*DESCRIPTION OF THE TASK*
Leave every picture out, and print the full listing again exactly.

======== RAW DATA

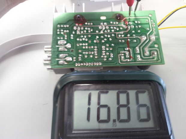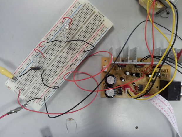 una vez ha correr una fuente de alimentación del tablero de amplificador y creado su circuito que debe obtener algo como esto:
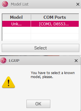 lg up unknow model hatasi cozumu
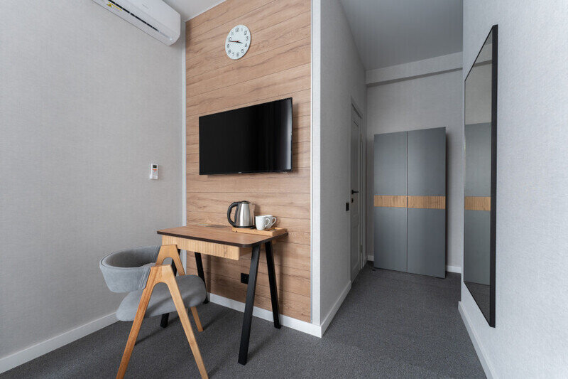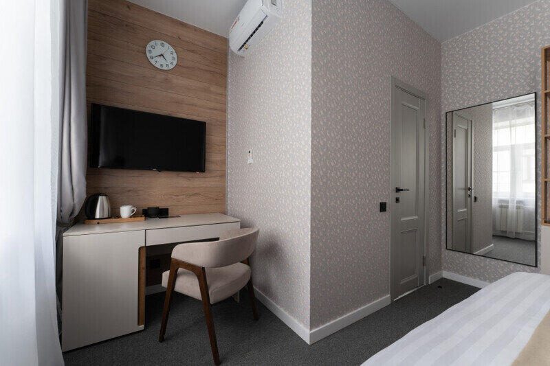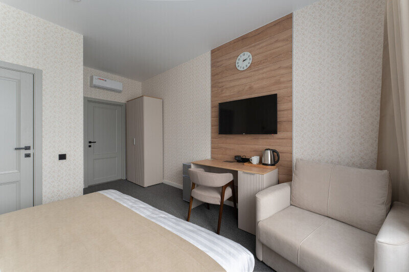Оснащен Яндекс станция Алиса с функцией инфоконсьерж, TV управляемое Алисой, wi-fi, кондиционер, сейф, холодильник, гардеробный шкаф, письменный стол, стул, душевая комната, приборы гигиенической косметики, фен, белье премиального качества.

================

*RESULT FOR THIS TASK*
 una vez ha correr una fuente de alimentación del tablero de amplificador y creado su circuito que debe obtener algo como esto:
 lg up unknow model hatasi cozumu
Оснащен Яндекс станция Алиса с функцией инфоконсьерж, TV управляемое Алисой, wi-fi, кондиционер, сейф, холодильник, гардеробный шкаф, письменный стол, стул, душевая комната, приборы гигиенической косметики, фен, белье премиального качества.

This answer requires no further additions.